Several years ago, researchers created a new shade of black darker than any previously in existence, able to absorb 99.995 percent of any light that hits it. It’s surprising that Vincent Como didn’t snatch up some of the material to use in his artworks.
Based in Brooklyn, N.Y., the painter and printmaker has founded his own style of arch-modernism—the wave of art beginning in the late 1800s that didn’t so much demonstrate the Romanticism before it to be lacking in sophistication as it did ultimately overwhelm it with questions about the ability of artists to make an artistic statement at all. Como comes right out and says it: “Is black the radiation of positive materiality, or the essence of negative disappearance?” It has been a question that framed much of the art of the 20th century, and he addresses it with a not-surprisingly minimalist set (“Blackspace,” pictured) that still manages to take on the history of painting, with works harking back to Ad Reinhardt and Franz Kline. This is a deeply philosophical collection, as he combines color theory, physics, alchemy, heavy metal music, religion and mythology in search of an understanding of the interrelation of black, darkness and matter.

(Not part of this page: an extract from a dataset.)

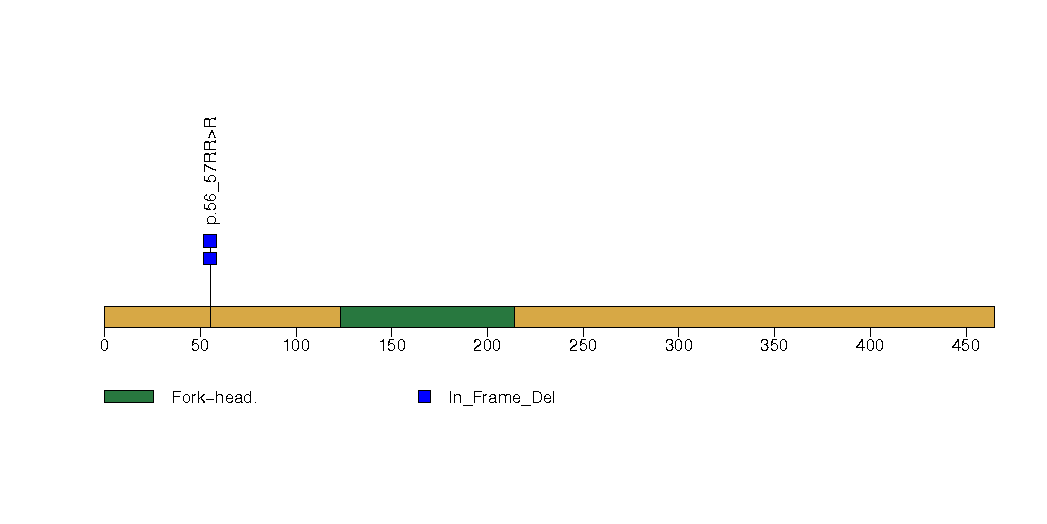 Figure S6. This figure depicts the distribution of mutations and mutation types across the FOXD1 significant gene.
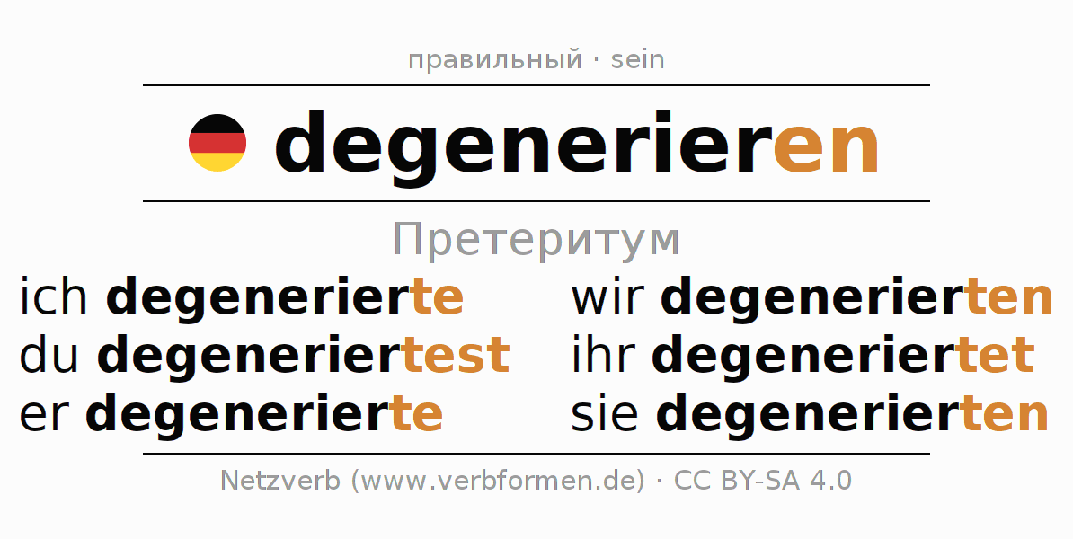 Спряжение degenerieren (дегенерировать, атрофироваться) в прошедшем времени претерит: ich degenerierte, du degeneriertest, er degenerierte, wir degenerierten, ihr degeneriertet, sie degenerierten.

Black may on one level represent absence, but also, he notes, “the pure and unrepentant mark of information,” digital data relying on the 0 as much as the 1 for its very existence. As much as we have resigned ourselves to being “postmodern,” modernity still retains its power to haunt.
Vincent Como: Haunting Modernity @ House Gallery, 110 W. 300 South (Peery Hotel basement), 801-910-1736, May 8-29.